Сергей начинает сумбурно оправдываться (как учили):
— Извините. Я… мне Петр Николаевич… Поручил… Сказал, что нужно прямо сейчас…
— Как ваша фамилия?
— Коптев, — машинально озвучивает молодой человек и запоздало прикусывает язык.
— Как-как?
— Локтев.
— Обождите!
Сергей переводит дух и вытирает выступивший на лбу пот. Сейчас он молит всех богов, чтобы те поднапряглись и сделали все возможное, чтобы хозяин не впустил его в квартиру…
— Стоп, Сережа! — притормозил вечер воспоминаний Петрухин. — А трубка? Разве «комитетчики» не сунули тебе мобилу, которую ты должен был оставить в хате антиквара?
— Нет.
— Странно.
— Что за трубка? — заинтересовался Брюнет.
— Та самая, отжатая у Московцева. Ее потом обнаружили в кабинете убиенного.
— А! Вспомнил. Которая типа в пылу борьбы оброненная?
— Во-во. К слову, перед тем как запустить Сережу в квартиру, Радецкий наверняка попытался сделать контрольный звонок Петру Николаевичу. Дабы убедиться, что визит нотариуса — это не фейк.

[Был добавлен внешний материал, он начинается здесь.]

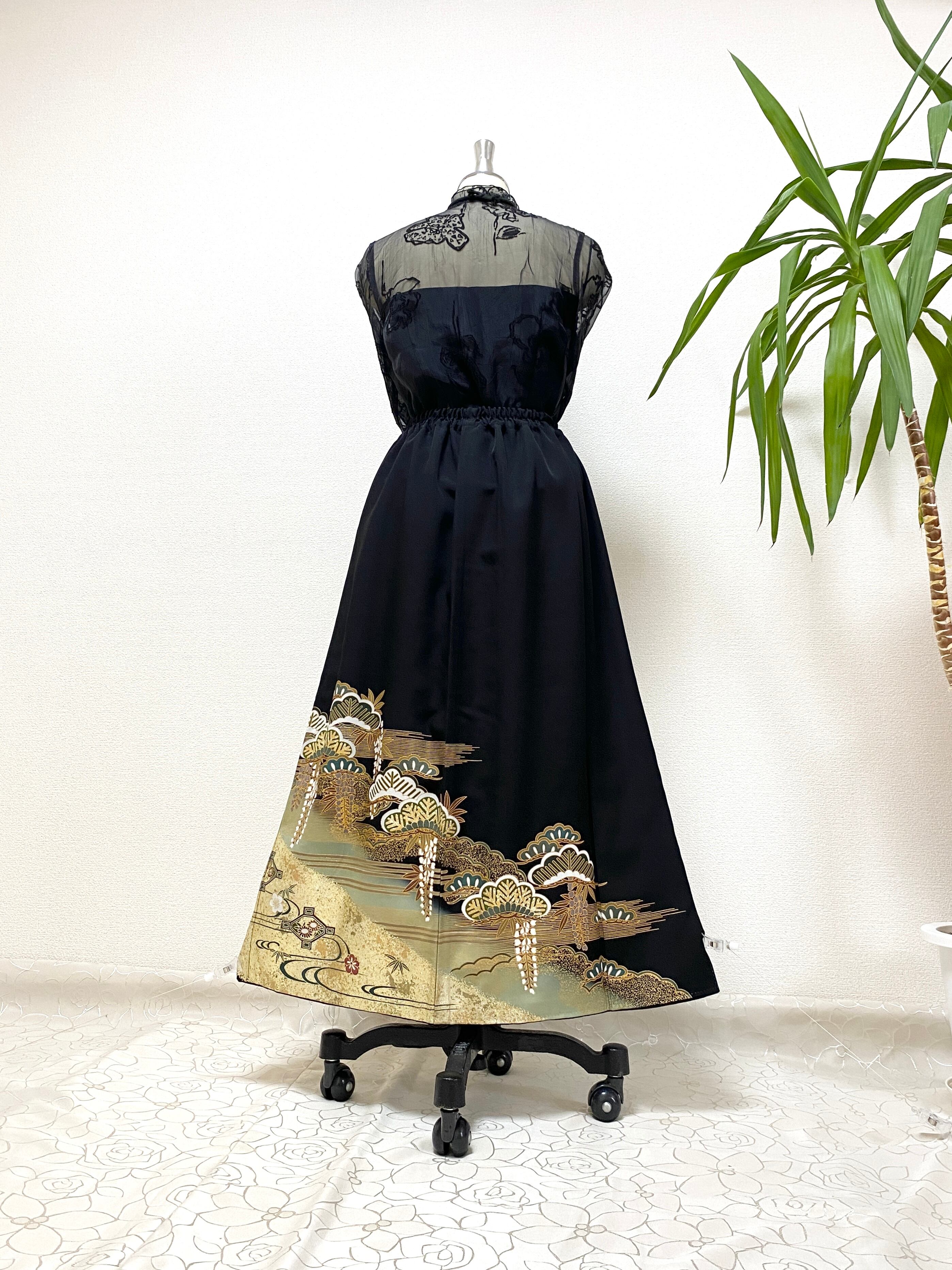 大人可愛いセレブ着物スカートフリーサイズ黒留袖着物リメイクウエストゴムロングスカート

— Все правильно. Был такой звонок, в 22:22,— подтвердил Купцов. — Действительно странно. Откуда же она потом в квартире взялась?
— Ладно, Сережа, звони, в смысле — рассказывай дальше…
…Боги остались глухи к мольбам Коптева, и через несколько минут антиквар открыл дверь, запуская «нотариуса» в квартиру с ворчливым:
— Проходите. Только обувь снимайте. Можете взять тапки.
— Спасибо.
— Сколько ж вам лет, молодой человек?
— Двадцать шесть. А что?
— И уже нотариус? Однако… Да, а где сейчас сам Петр Николаевич? Что-то он трубку не берет. Как давно вы с ним разговаривали?
— Э-э-э-э… Полчаса назад, наверное. Должен брать. Вы попробуйте еще раз.
— Вы полагаете?
Все это время державший руку в кармане роскошного атласного халата Анатолий Яковлевич нехотя вытягивает ее наружу и, подхватив лежащий на тумбочке в прихожей мобильник, принимается искать последний исходящий.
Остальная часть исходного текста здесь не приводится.